_Available data:_
+---+

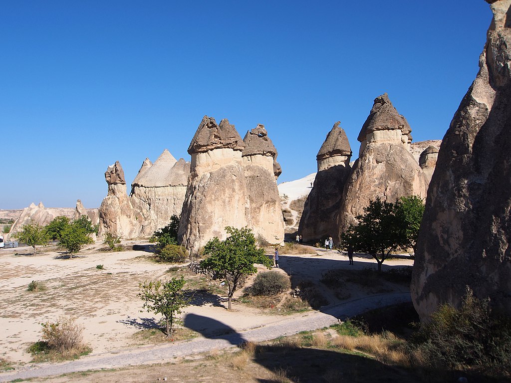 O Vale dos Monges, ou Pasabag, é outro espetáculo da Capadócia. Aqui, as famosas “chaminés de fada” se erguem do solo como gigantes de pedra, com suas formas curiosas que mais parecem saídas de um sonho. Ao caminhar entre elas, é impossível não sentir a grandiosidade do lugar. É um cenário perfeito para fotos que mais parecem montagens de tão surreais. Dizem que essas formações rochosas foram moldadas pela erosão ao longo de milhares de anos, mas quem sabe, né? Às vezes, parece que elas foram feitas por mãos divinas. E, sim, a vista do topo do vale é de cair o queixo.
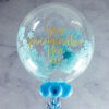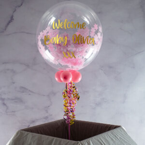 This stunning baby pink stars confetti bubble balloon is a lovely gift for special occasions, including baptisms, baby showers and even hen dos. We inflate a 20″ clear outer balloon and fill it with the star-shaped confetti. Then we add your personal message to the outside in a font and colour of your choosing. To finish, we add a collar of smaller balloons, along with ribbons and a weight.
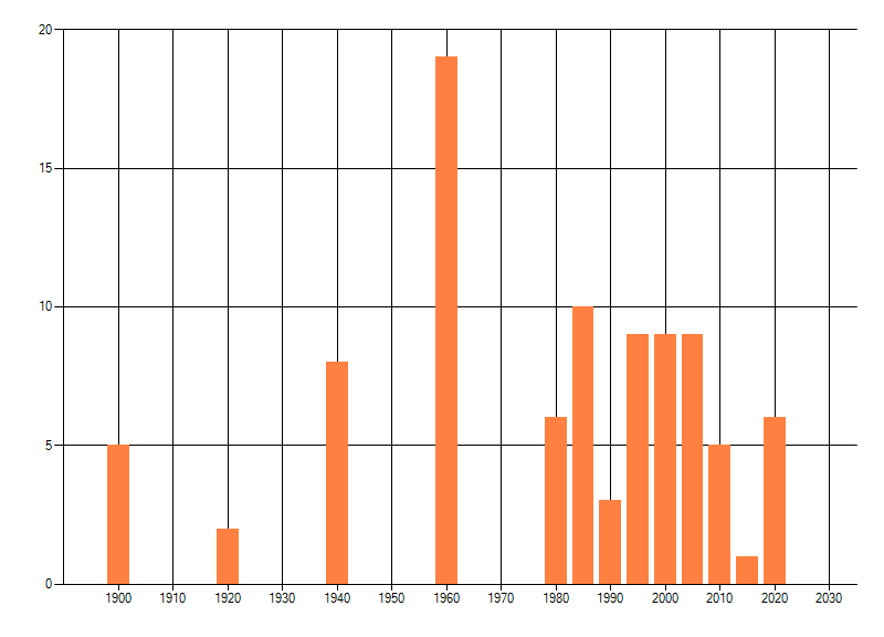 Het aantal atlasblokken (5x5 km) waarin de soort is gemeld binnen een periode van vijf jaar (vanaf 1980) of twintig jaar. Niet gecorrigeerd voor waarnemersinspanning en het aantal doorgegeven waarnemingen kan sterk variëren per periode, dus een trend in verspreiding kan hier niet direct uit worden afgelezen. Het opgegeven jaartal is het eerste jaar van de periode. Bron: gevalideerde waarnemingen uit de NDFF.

+---+

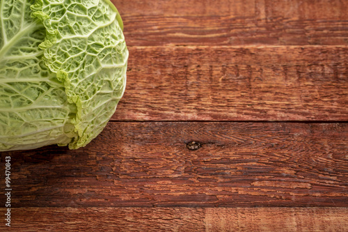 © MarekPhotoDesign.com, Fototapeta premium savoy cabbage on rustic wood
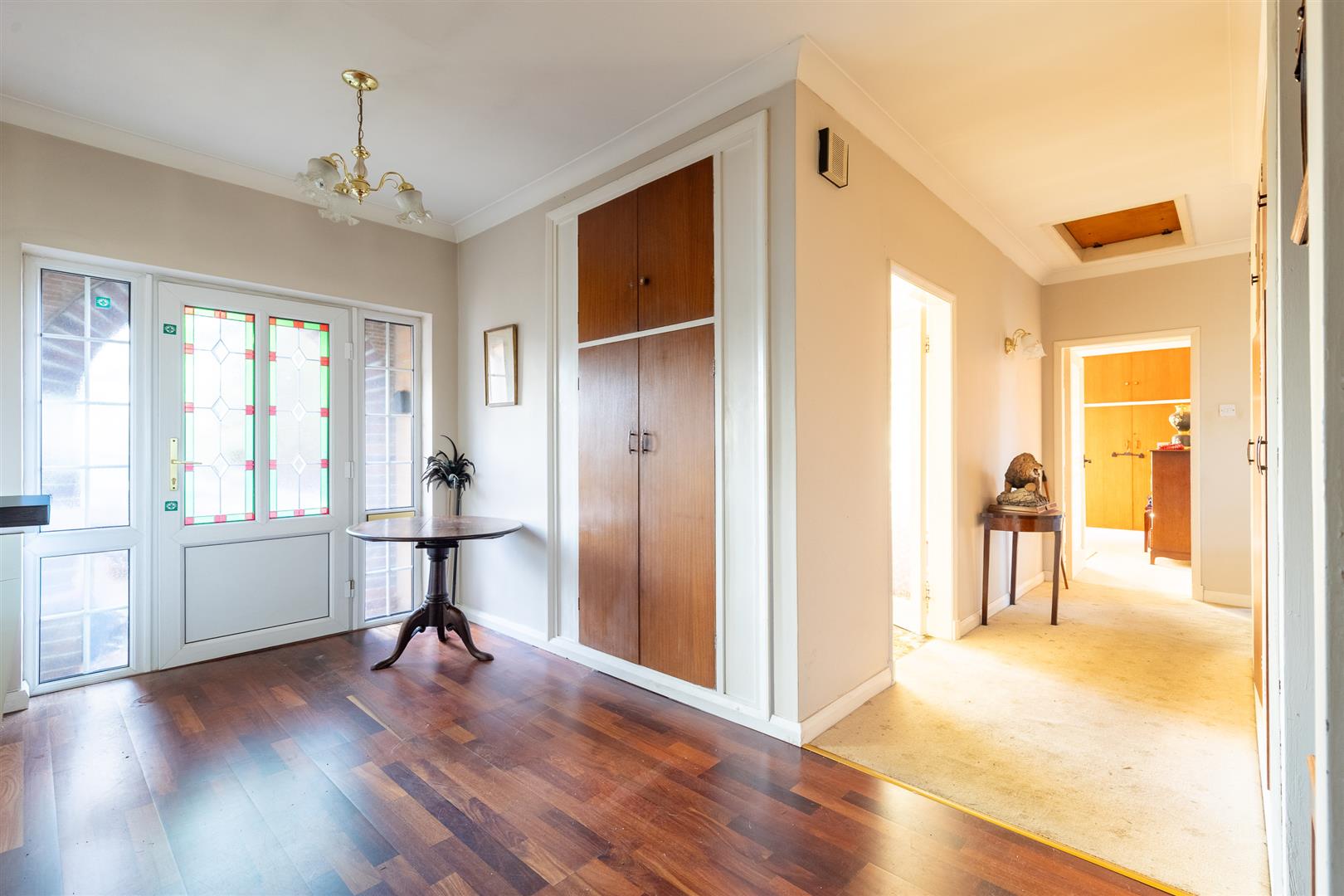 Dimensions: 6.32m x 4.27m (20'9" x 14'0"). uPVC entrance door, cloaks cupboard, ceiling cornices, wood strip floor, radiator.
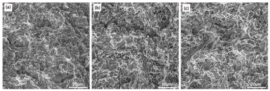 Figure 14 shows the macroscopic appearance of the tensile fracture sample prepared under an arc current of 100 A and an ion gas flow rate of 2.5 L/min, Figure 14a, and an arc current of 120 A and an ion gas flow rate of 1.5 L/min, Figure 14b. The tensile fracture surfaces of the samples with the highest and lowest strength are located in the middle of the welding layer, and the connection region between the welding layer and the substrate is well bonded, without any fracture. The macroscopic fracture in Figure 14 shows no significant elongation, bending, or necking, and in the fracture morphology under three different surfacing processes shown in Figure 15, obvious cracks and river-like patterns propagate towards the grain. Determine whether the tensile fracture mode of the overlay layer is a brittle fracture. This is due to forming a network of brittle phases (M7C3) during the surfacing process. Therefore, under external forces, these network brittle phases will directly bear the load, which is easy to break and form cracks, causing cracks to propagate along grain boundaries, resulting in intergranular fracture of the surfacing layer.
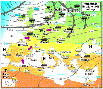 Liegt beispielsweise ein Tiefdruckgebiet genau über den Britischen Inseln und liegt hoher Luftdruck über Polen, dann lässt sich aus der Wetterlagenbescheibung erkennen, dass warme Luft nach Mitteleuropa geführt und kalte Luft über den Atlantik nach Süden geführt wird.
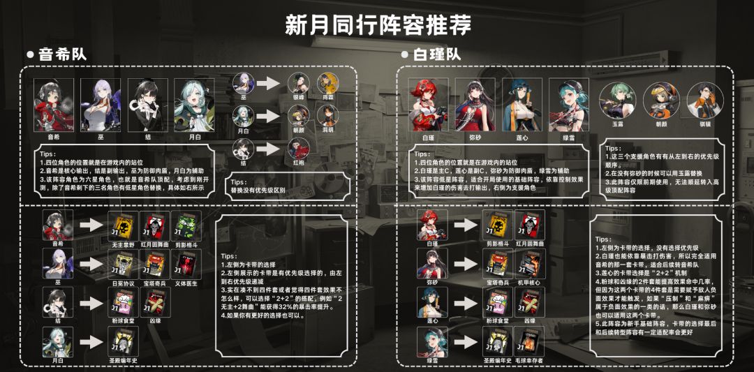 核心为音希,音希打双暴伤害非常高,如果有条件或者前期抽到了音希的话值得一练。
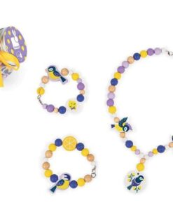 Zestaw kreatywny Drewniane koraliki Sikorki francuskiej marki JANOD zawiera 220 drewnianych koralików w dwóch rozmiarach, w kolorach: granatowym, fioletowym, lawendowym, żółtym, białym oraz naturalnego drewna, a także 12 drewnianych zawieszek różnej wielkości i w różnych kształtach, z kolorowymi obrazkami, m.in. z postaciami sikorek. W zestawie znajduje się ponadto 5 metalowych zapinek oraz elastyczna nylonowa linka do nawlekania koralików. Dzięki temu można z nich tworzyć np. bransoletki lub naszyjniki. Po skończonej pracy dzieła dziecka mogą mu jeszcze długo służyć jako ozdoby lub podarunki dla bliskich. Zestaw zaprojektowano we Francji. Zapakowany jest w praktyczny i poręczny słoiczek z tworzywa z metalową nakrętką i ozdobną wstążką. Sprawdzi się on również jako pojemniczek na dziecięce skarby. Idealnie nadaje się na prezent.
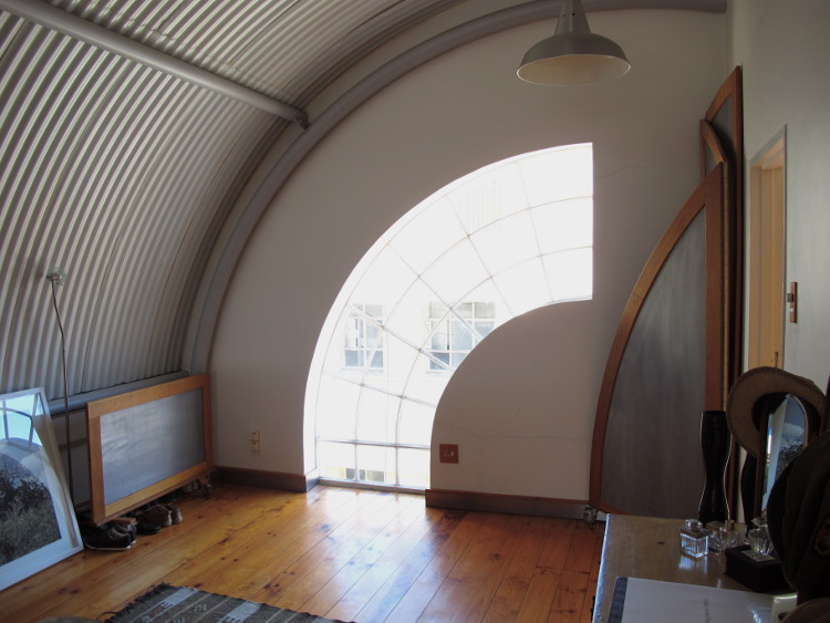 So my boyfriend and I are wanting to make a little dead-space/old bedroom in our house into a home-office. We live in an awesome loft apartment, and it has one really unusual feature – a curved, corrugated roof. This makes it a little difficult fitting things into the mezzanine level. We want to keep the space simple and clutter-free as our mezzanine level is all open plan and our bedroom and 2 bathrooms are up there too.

+---+

_What is expected:_
Using the entries above, transcribe exactly from the line that has "Zestaw kreatywny Drewniane" through the line that has "So my boyfriend". Pictures are dropped.

_Answer section:_
 Zestaw kreatywny Drewniane koraliki Sikorki francuskiej marki JANOD zawiera 220 drewnianych koralików w dwóch rozmiarach, w kolorach: granatowym, fioletowym, lawendowym, żółtym, białym oraz naturalnego drewna, a także 12 drewnianych zawieszek różnej wielkości i w różnych kształtach, z kolorowymi obrazkami, m.in. z postaciami sikorek. W zestawie znajduje się ponadto 5 metalowych zapinek oraz elastyczna nylonowa linka do nawlekania koralików. Dzięki temu można z nich tworzyć np. bransoletki lub naszyjniki. Po skończonej pracy dzieła dziecka mogą mu jeszcze długo służyć jako ozdoby lub podarunki dla bliskich. Zestaw zaprojektowano we Francji. Zapakowany jest w praktyczny i poręczny słoiczek z tworzywa z metalową nakrętką i ozdobną wstążką. Sprawdzi się on również jako pojemniczek na dziecięce skarby. Idealnie nadaje się na prezent.
 So my boyfriend and I are wanting to make a little dead-space/old bedroom in our house into a home-office. We live in an awesome loft apartment, and it has one really unusual feature – a curved, corrugated roof. This makes it a little difficult fitting things into the mezzanine level. We want to keep the space simple and clutter-free as our mezzanine level is all open plan and our bedroom and 2 bathrooms are up there too.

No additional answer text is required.